Evaluating models is a critical step of the machine learning workflow. However, unlike classification-based tasks, evaluating models which generate text is difficult and is a research area on its own. The basic workflow for developing a new automatic evaluation metric is to design/implement the metric, calculate its correlation to human judgments, then use that metric to evaluate text generation systems.
While there have been significant efforts to build libraries for developing machine learning models (Klein et al., 2017; Gardner et al., 2018; Ott et al., 2019), no equivalent library exists for developing evaluation metrics.
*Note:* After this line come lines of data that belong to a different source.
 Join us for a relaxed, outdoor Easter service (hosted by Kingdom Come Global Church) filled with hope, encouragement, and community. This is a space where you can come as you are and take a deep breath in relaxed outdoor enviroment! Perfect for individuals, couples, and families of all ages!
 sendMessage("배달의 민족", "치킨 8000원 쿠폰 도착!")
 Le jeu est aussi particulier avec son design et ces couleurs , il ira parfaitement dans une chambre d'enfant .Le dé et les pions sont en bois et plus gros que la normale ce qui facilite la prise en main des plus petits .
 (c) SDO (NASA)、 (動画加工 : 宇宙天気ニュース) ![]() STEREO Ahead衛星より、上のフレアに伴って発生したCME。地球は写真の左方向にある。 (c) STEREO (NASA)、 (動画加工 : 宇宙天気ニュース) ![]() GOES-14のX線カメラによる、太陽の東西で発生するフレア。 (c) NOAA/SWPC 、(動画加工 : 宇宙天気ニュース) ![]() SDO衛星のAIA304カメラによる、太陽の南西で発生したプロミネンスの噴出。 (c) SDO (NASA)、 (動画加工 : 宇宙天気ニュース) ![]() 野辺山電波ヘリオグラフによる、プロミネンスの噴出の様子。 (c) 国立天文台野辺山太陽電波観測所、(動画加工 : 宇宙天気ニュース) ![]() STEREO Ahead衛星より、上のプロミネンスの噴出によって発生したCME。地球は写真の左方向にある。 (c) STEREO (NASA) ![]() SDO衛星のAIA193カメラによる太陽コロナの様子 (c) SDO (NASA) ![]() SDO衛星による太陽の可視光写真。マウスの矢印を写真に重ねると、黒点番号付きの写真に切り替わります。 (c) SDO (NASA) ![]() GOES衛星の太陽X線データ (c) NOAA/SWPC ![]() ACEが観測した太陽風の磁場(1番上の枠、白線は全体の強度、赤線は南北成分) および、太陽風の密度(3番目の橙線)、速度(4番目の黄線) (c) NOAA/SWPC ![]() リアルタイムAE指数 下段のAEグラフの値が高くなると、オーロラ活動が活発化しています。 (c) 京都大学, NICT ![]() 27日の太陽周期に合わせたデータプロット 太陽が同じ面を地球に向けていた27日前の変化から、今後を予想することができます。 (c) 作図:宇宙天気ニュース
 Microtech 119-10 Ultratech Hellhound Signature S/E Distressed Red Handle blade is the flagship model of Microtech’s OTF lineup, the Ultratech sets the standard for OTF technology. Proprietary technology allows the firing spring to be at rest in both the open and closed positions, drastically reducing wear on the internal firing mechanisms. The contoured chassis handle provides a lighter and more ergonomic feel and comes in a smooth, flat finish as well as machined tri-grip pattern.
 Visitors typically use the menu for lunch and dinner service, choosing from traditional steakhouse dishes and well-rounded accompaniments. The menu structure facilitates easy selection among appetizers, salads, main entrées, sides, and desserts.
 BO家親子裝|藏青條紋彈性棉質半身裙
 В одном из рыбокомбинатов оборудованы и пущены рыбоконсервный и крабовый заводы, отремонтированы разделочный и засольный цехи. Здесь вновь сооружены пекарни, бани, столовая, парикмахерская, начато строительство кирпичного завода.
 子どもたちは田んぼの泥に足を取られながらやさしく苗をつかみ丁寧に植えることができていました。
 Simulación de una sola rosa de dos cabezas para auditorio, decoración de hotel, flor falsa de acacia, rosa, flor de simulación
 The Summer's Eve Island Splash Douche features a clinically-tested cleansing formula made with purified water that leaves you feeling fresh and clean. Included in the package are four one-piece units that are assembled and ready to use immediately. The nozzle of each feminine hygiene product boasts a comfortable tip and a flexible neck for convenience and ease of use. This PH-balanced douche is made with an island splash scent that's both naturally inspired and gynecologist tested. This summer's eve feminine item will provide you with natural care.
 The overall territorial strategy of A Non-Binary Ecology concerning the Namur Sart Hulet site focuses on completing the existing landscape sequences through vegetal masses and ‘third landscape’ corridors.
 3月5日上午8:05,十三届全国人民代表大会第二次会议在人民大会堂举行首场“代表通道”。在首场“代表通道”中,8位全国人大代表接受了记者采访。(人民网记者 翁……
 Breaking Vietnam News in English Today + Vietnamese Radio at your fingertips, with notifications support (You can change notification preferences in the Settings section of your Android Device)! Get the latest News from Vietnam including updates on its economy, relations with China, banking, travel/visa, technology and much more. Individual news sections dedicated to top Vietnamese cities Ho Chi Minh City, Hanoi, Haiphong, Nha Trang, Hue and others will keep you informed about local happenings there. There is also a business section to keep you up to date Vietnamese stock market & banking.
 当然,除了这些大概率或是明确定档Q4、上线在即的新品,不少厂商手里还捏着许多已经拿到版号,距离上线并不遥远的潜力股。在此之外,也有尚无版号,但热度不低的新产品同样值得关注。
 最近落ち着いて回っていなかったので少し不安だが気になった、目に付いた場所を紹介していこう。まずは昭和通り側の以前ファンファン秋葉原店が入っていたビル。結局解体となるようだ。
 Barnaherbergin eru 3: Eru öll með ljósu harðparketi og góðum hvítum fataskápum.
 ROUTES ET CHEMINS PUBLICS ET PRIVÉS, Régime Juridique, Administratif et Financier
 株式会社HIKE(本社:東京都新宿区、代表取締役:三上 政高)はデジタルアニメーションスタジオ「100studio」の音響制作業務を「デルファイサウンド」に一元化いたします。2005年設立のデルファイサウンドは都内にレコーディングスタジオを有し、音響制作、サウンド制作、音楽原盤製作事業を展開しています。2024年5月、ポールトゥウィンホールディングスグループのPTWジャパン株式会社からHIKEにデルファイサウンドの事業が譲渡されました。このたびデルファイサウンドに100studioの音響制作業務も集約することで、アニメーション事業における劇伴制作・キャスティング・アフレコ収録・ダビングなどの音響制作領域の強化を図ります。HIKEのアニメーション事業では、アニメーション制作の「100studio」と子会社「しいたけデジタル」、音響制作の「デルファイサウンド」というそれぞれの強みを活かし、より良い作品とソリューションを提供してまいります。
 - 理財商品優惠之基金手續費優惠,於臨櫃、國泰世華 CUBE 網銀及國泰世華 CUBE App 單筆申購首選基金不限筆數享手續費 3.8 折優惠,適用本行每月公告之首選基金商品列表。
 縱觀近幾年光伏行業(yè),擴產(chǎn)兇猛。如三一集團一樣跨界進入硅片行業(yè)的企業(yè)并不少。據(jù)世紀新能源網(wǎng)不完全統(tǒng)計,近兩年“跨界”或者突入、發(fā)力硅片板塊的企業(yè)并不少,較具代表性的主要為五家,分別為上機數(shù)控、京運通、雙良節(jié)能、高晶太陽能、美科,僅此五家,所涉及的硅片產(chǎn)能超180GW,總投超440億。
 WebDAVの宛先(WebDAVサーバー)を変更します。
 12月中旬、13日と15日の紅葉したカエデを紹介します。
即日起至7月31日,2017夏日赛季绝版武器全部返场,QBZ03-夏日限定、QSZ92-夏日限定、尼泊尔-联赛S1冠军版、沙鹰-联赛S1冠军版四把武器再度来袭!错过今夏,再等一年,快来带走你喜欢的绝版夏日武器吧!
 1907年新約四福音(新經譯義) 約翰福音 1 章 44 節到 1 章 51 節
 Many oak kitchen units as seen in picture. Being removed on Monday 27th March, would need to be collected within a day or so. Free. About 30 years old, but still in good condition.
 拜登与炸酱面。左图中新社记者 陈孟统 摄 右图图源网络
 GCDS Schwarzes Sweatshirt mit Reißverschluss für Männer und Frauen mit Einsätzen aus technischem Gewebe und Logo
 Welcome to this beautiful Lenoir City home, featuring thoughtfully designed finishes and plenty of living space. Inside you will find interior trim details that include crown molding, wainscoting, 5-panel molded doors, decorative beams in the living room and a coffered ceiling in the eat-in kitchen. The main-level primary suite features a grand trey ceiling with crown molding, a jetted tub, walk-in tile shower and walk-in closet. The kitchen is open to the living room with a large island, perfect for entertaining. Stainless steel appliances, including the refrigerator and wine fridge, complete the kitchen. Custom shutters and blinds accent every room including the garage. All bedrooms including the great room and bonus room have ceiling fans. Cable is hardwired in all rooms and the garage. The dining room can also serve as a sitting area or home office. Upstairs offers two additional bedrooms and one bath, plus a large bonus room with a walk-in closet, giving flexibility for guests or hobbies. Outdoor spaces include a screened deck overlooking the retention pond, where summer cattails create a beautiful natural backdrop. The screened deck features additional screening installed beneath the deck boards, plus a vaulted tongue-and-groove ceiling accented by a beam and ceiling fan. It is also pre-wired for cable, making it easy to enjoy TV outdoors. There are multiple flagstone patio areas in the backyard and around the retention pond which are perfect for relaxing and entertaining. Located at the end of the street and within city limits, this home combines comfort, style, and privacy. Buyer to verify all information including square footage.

In this work, we present SacreROUGE, an open-source, Python-based library for using and developing text generation metrics, with an emphasis on summarization.
SacreROUGE removes many obstacles that researchers face when they use or develop evaluation metrics. First, the official implementations of various metrics do not share a common interface or programming language, so using many metrics to evaluate a model can be frustrating and time consuming. SacreROUGE provides Python-based wrappers around many evaluation metrics so they all implement a simple, easy-to-use interface regardless of how they are implemented internally (§2).
Second, evaluating metrics themselves can be tricky. Correlations between metric values and human judgments are calculated in several different ways, there are multiple commonly used correlation coefficients, and fairly comparing human-written references to system output requires implementing jackknifing. Since the evaluation code in SacreROUGE is shared across all of the metrics, any metric with implements the common Metric interface can be evaluated without writing additional code (§3).
Third, datasets that contain judgments which are commonly used to evaluate metrics do not share the same format, so writing code to load each dataset requires writing a significant amount of effort. SacreROUGE provides scripts for popular summarization datasets that load and reformat them into a common schema so they can easily be used for evaluation (§4).
The development of SacreROUGE is ongoing. We intend to add more metrics and datasets to the library as they become available. Further, we encourage researchers to use the SacreROUGE framework to use existing metrics and develop new ones. SacreROUGE is released under the Apache 2.0 license and is open to contributions from the community.
2 The Metric Interface
The development of evaluation metrics for summarization has been an active area of research for two decades. However, the community has not converged on a consistent format for the input data, so each metric uses its own custom schema. Further, the published code for evaluation metrics is written in various programming languages based on which language was popular when the metric was proposed. These challenges make it very cumbersome to use multiple metrics to evaluate a summarization system. SacreROUGE addresses these two problems by unifying all of the metrics’ implementations into a common interface called Metric. The interface provides a Pythonic API that allows for evaluating an individual summary or batch of summaries. Since all of the metrics share the same interface, evaluating a summarization system with several different metrics is trivial.
In order to support older evaluation metrics written in languages such as Perl or Java, we have written Python wrappers around the original code that still implement the Metric interface. Internally, the wrappers serialize the input summaries to the format required by the underlying metric, a subprocess is created to run the original metric’s code, and the output is then loaded from disk again in Python. This way, we do not have to port the original metric’s code to Python and end-users can still use the metrics with the Python API.
SacreROUGE currently supports the following evaluation metrics: AutoSummENG (Giannakopoulos et al., 2008), BERTScore (Zhang et al., 2019), BEwT-E (Tratz and Hovy, 2008), METEOR (Denkowski and Lavie, 2014), MeMoG (Giannakopoulos and Karkaletsis, 2010), NPowER (Giannakopoulos and Karkaletsis, 2013), ROUGE (Lin, 2004), a near-identical Python-based version of ROUGE that we wrote, SIMetrix (Louis and Nenkova, 2009), and SumQE (Xenouleas et al., 2019).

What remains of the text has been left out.